My Inspirations
Sunny Savage did a similar experiment in America in 2005. I got the idea from her when I read about it on her blog wildfoodplants.com. Here’s what she says about the experience.
“On September 1st, 2005 seven of us, connected to the White Earth Reservation through our work or family, challenged ourselves to eat foods grown within 250 miles of where we lived for one year. We allowed ourselves 12 ‘trade items’, which we could have at any time, to make the Challenge more realistic. These included salt, oil, pectin, and chocolate. This was an amazing experience in perseverance and sense of place. The sense of community, of people working together to create a peaceful and balanced way of life, was empowering.”
250 miles in a small country like Britain seems a little too much, so I lowered it to 100 miles and got rid of the trade items because I found them confusing.
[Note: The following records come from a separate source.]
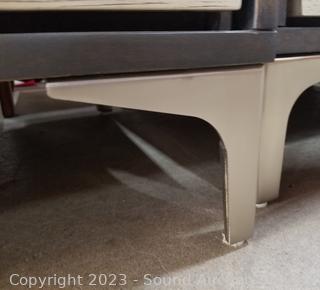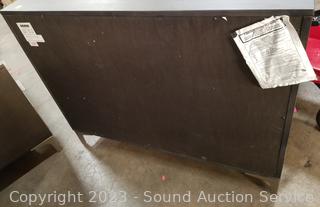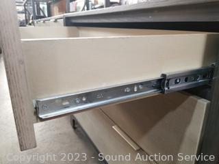 Matches the previous & next few lots. Ball bearing drawer guides, soft close drawers. In excellent condition, Grey wood veneer finish. 33" H x 41" W x 19" D.
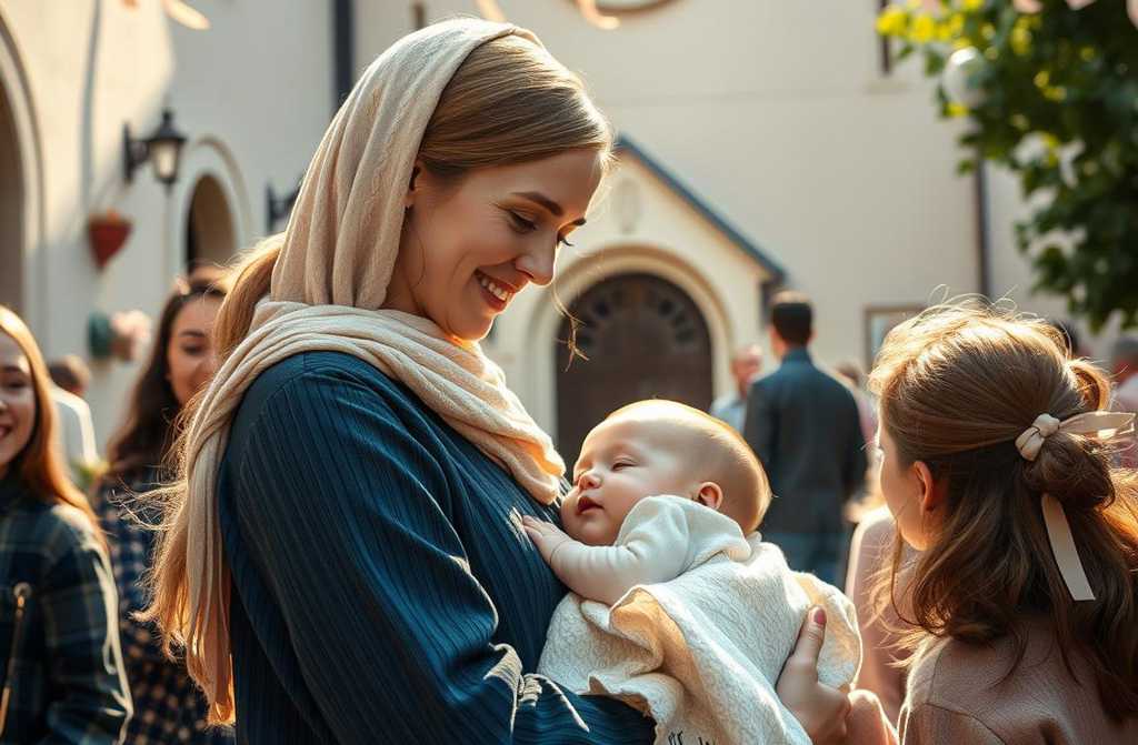 Now Kate, in a creamcoloured dress and lowheeled shoes, stands at the doorway of a cottage beside the church, holding Petey in her arms. Today Petey will be baptized, and Kate is terrified.
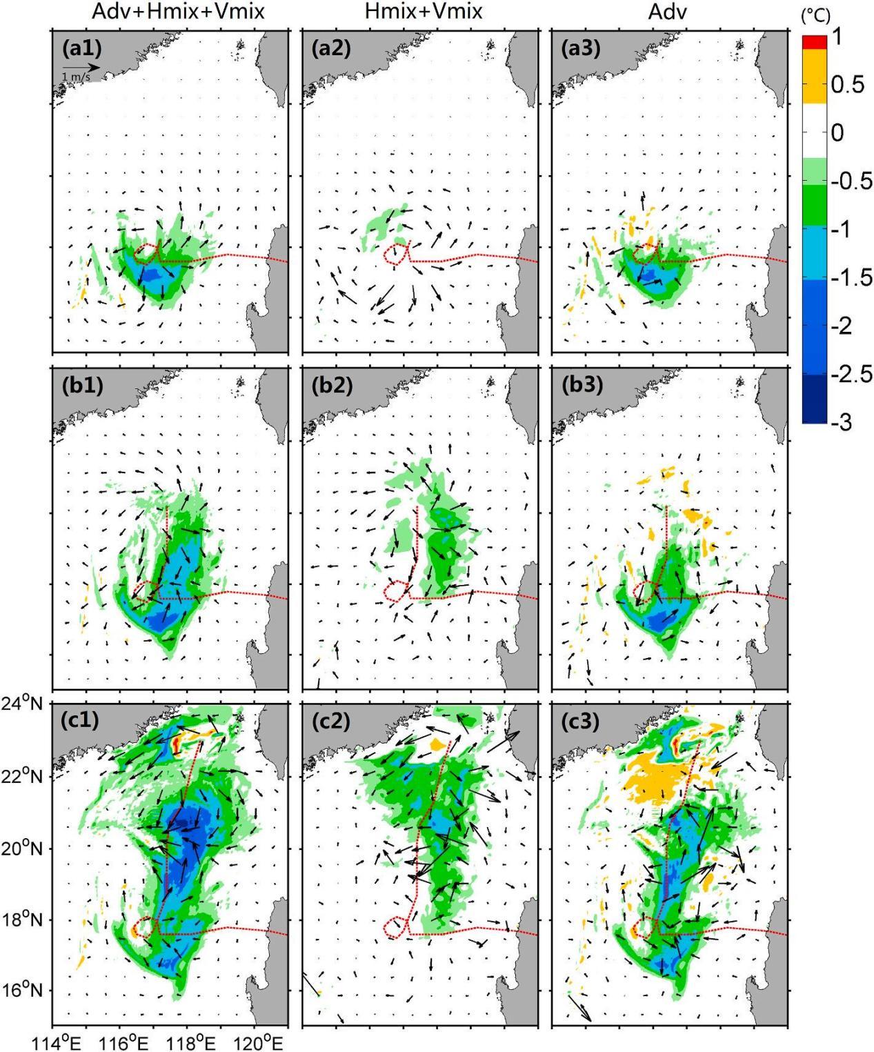 Fig. 13. Distributions of (a1,b1,c1) ΔU→A+M and ΔTA+M, (a2,b2,c2) ΔU→M and ΔTM, and (a3,b3,c3) ΔU→A and ΔTA at the sea surface at 00:00 on (a1-3) 19, (b1-3) 20 and (c1-3) 21 June 2009, respectively. The red dashed line in each panel represents the storm track. For clarity, surface current vectors are plotted at every 9th model grid point.
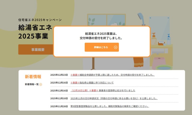 給湯省エネ2025事業は、補助金申請額の割合が予算上限に達したため、交付申請の受付を終了しました。2025年12月23日16時06分22秒に提出された申請を最後に予算上限額に到達しております。
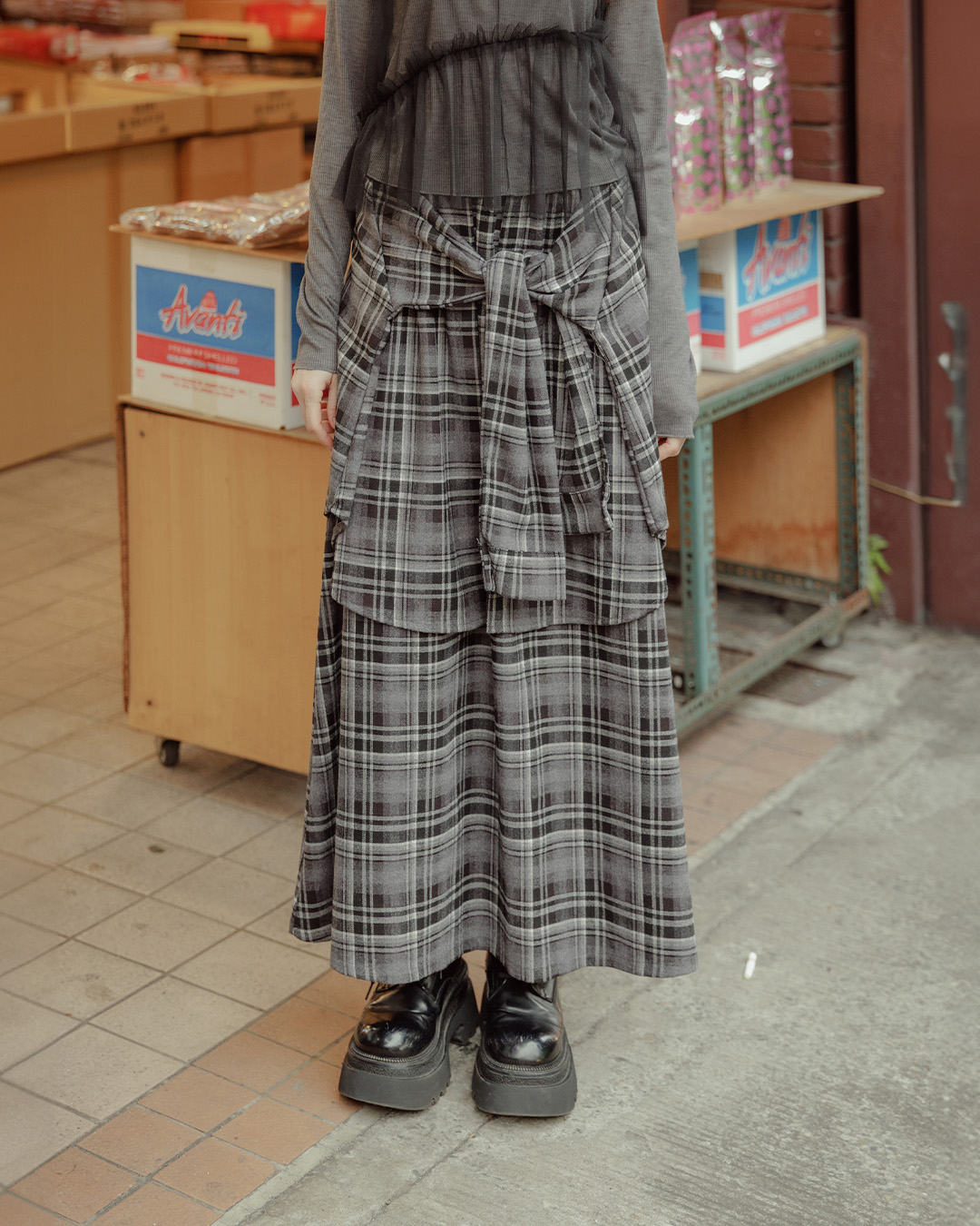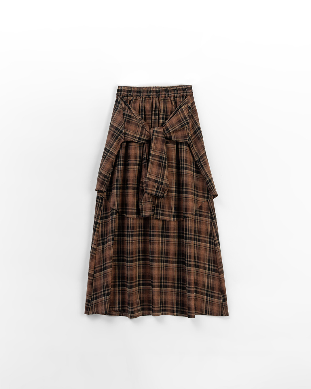 格紋磨毛襯衫綁腰假兩件長裙 兩色售
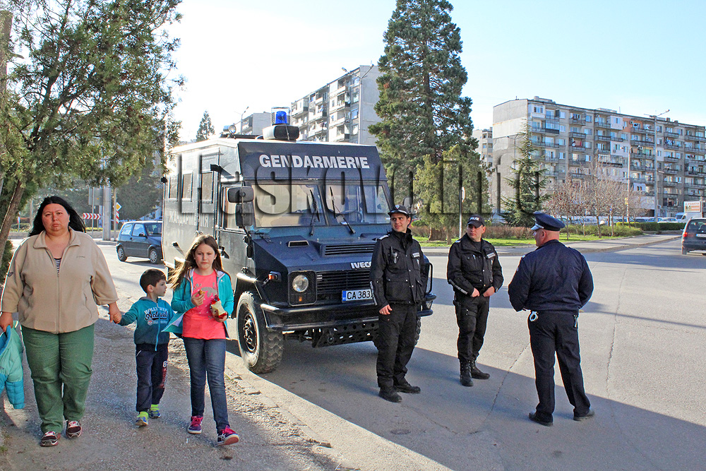 Жандармерия и полицаи има още на бул. „Васил Левски“ до бензиностанцията преди кръстовището за АГО. Жандармеристи в патрулка са пред банята, а друг екип е с полицейски джип до пазара в махалата.
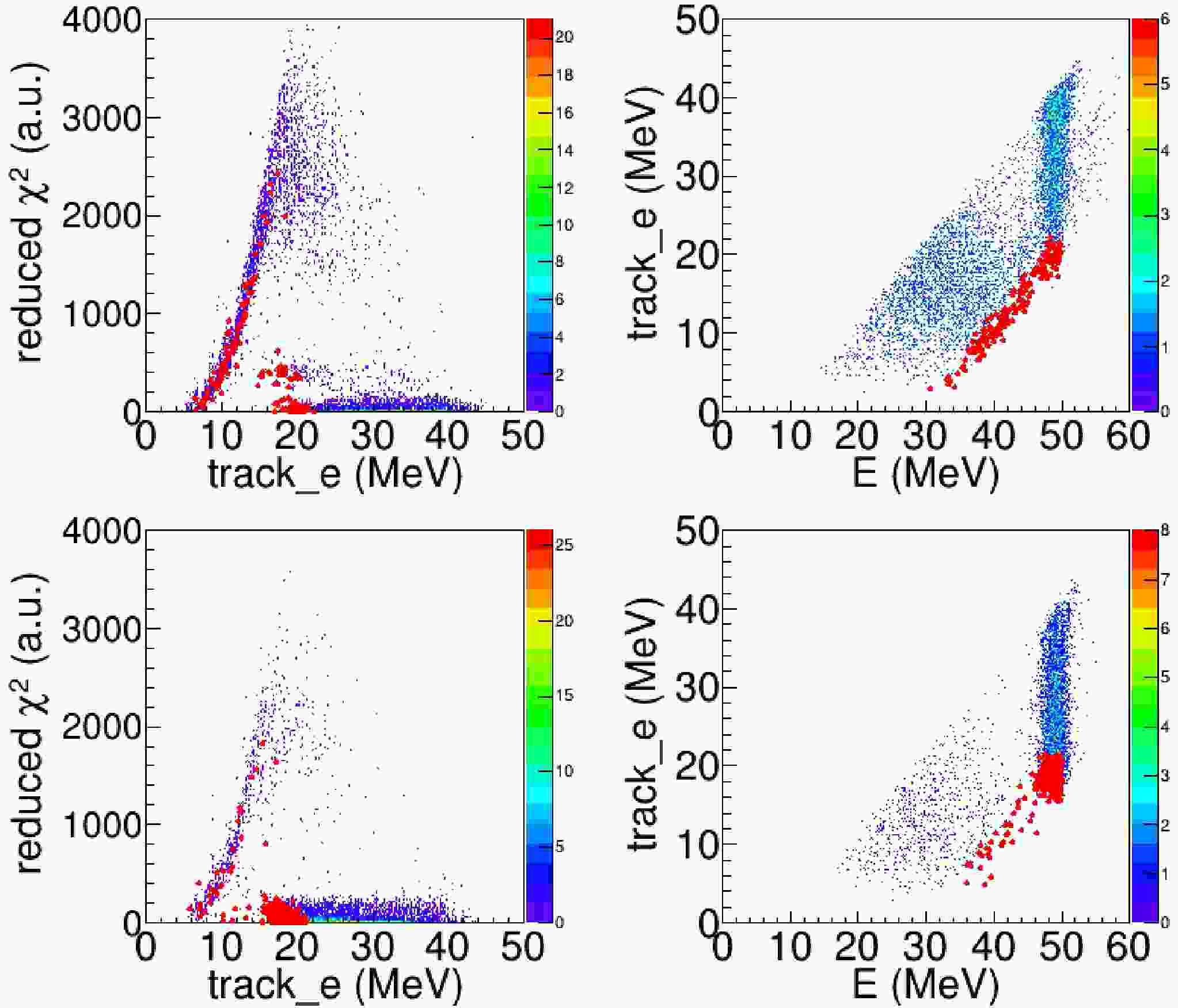 $\chi^2$ vs. the summed energy of the reaction-product track for the reacted events with scattering angles less than$10^{\circ}$ ; (Upper right panel) The summed energy of the reaction-product track vs. the total energy deposition in the TPC for the events with scattering angles less than$10^{\circ}$ . The lower left and right panels are identical to the upper left and right panels except for the reacted events with scattering angles between$10^{\circ}$ and$20^{\circ}$ . The red dots indicates the candidates for the fusion reaction, identified by the cut shown in Fig. 7 on the 18th pad.Here we take the reaction events occurring on the 18th pad as an example to illustrate our analysis of the fusion events. These events have the lowest reaction energy,
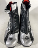 Boots are the most obviously distinctive family of nordic ski boots. They have a 75mm wide "duck bill" at the front of the boot, with three holes on the bottom of the bill that line up with the pins on their appropriate binding.

Idly googling ‘eat within 100 miles’ one day I found www.100milediet.org.
James and Alisa ate within 100 miles of their home in Vancouver for a year and they wrote a book about it. It’s quite hard to get hold of in the UK (or at least it was when Amazon (minus points for non-local book buying) tried to get my copy. Below you can find their 13 reasons for eating locally.

1. Taste the difference.
At a farmers’ market, most local produce has been picked inside of 24 hours. It comes to you ripe, fresh, and with its full flavor, unlike supermarket food that may have been picked weeks or months before. Close-to-home foods can also be bred for taste, rather than withstanding the abuse of shipping or industrial harvesting. Many of the foods we ate on the 100-Mile Diet were the best we’d ever had.
2. Know what you’re eating.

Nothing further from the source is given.